Texas Czech cooking is rich and simple
and, like other ethnic cuisines, it has its emblematic dishes – sausage and
roasted meats: baked goods like kolaches, buchty and strudel;
dumplings and egg noodles; pickles and sauerkraut; soups, picnic stew, and
fried chicken; and homemade beer and wine.
There is no shortage,
especially in the last couple of years, of articles by food and travel writers
about kolaches or sausage. And there is general information about the most
common foods eaten by Czechs in books like Krasna Amerika and Sean
Gallup’s Journeys Into Czech Moravian Texas. Those books and a few
general Texas cookbooks include small sections on food that cover the basics. They talk about sausage, beef clubs,
kolaches and strudel, noodles and beer. But there is so much more to Texas Czech food. The most interesting
information lives in primary sources like oral histories, diaries, memoirs,
letters and newspaper recipe columns. To tell the full story of how Bohemian,
Moravian and Slovakian cuisine morphed into Texas-Czech cuisine, much more
research needs to be done.
Here are a few
examples of writing about foodways from primary sources like that. Notice how
each illustrates cultural history or values.
The upcoming cookbook from the Texas Czech Genealogical Society has some wonderful introductions to recipes that are little gems of foodways information. Here’s one from
Danny Leshikar…. “When I was growing up, the Adamek side of my family had
several very large family reunions at my grandmother's farm in New Mexico. Family members would come from all over, but
mostly from Texas and stay for a week.
My grandmother would cook for weeks prior to their arrival and as
everyone would arrive, they would pitch in helping with cooking and other
chores. In true Adamek Family style, it
was an enjoyable week with never an argument but plenty of visiting and domino
playing. “
Robert Skrabanek’s 1988
memoir We’re Czechs describes family and farm life growing up near
Snook. In it, he writes “Another thing our entire family worked on together
was processing honey when we robbed our bees at least once each year. While
none of the Americans had bees, we Czechs saw it as another way to produce our
own food and also to makes some extra money.”

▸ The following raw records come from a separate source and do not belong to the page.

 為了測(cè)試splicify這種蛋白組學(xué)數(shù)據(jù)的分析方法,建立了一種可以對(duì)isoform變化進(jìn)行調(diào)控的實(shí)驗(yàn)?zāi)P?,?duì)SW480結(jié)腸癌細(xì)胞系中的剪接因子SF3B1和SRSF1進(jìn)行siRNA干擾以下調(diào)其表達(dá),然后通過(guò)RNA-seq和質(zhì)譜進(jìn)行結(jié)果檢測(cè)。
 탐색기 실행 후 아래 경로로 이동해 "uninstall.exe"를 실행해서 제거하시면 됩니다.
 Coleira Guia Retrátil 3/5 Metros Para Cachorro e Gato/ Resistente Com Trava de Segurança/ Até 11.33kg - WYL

The fascinating book Fertile
Ground, Narrow Choices: Women on Texas Cotton Farms, 1900-1940 by Rebecca Sharpless is based on
oral histories with women of many different ethnic backgrounds, including some
Czechs. A woman named Mary Hanak Simcik of McLennan County is quoted with this
story in the book about her and her sister-in-law helping out with preserving
meats by smoking them. “They left the smoke to me. I had to watch it so it
didn’t get too hot. We were supposed to smoke the meat; and we were playing
cards together; (she says laughing) and we put, you know what kind of wood it
is – resin, you know? And of course we didn’t pay any attention; and we put
that under there all over the meat. It all tasted like resin. Boy did we catch
it that time!”
Johnny Morkovsky and family |
Through their stories about foodways,
all of these writers document the culture and values of Texas Czechs… frugality, strong families, working
cooperatively and efficiently, and, of course, fun.

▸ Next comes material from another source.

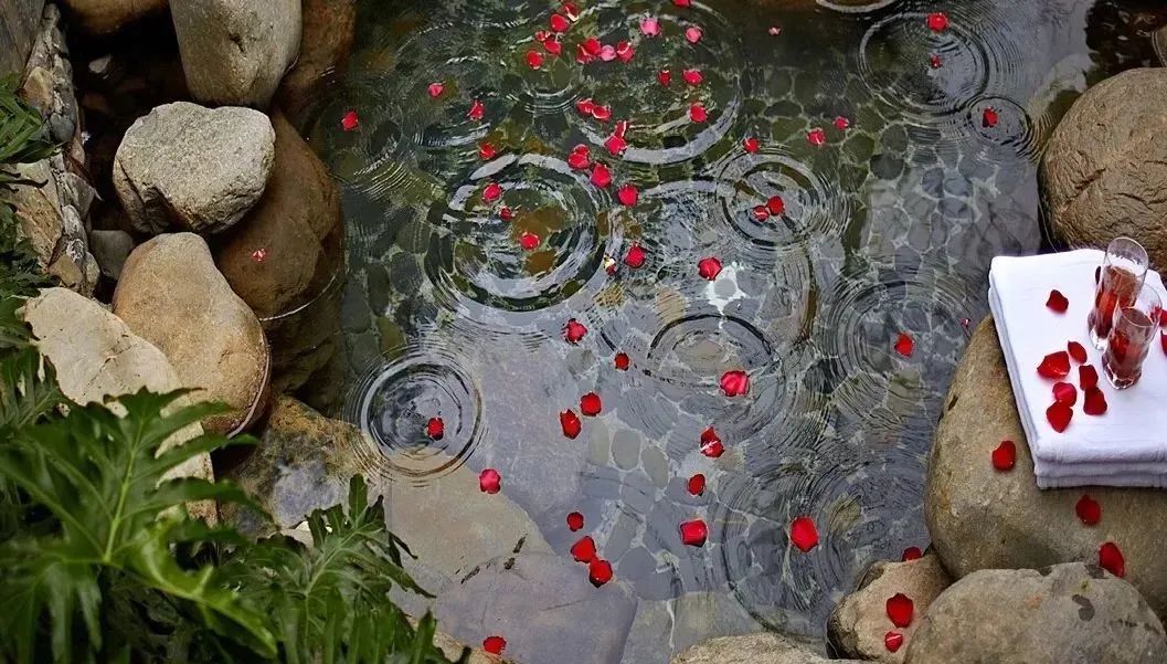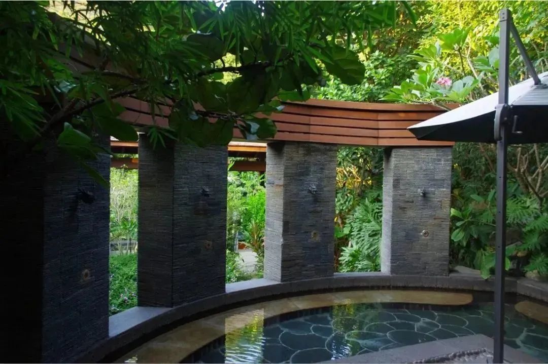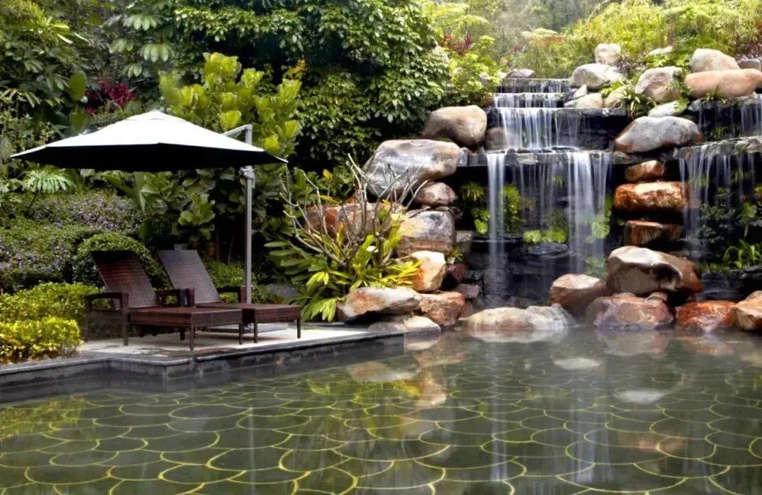 与自然融为一体,瀑布飞流直下,跌入池中。

This is what I mean when I say traditional foodways are a cultural legacy.
What will that legacy be
for our great grandchildren? Certainly butchering hogs and growing
poppies are not everyday activities for the majority of 21st century
Texas Czechs. But still, Texas Czechs are cooking.
In homes and community
kitchens and commercial establishments across the state, they are pickling
vegetables and putting up sauerkraut, making kolaches and kneading bread
dough, grinding meat, stuffing casings,
and smoking sausages. They’re making cucumber salads or potatoes with butter
and onions from home-grown vegetables or organic produce bought at local farmers
markets. They’re cooking Sunday lunches with their families, for church picnics
with their fellow parishioners, or at commercial bakeries. Today the kolaches look different
than their Moravian frgal counterparts and sausages might contain jalapenos, but Texas Czechs are still fiercely proud of their
traditional foods.
Texas Czechs connect with
their roots through food at dozens of meat markets, barbecue joints, bakeries,
wineries and restaurants throughout the state. Most Czech meat markets
feature several types of pork or beef sausage, and some offer very traditional
sausages like jitrnice, jelita or prezvurst. They cater to
non-Czechs, too, with barbecue and other non-ethnic items, but selling these
ethnic specialties helps them stay in business and keeps these traditional
foods available to Texas Czechs.
Bakeries, many of them on
major state highways, helped popularize the kolach — the iconic Texas
Czech pastry. Kolaches (and their
sausage-filled relatives, klobasniky) have inspired billboards,
T-shirts, festivals, bumper stickers, baking contests, candles, national news
articles, and YouTube videos. Recipes for making them can be found in Czech
community cookbooks from Dallas to Corpus Christi. They are, quite simply, the
most recognizable symbol for Texas Czech culture.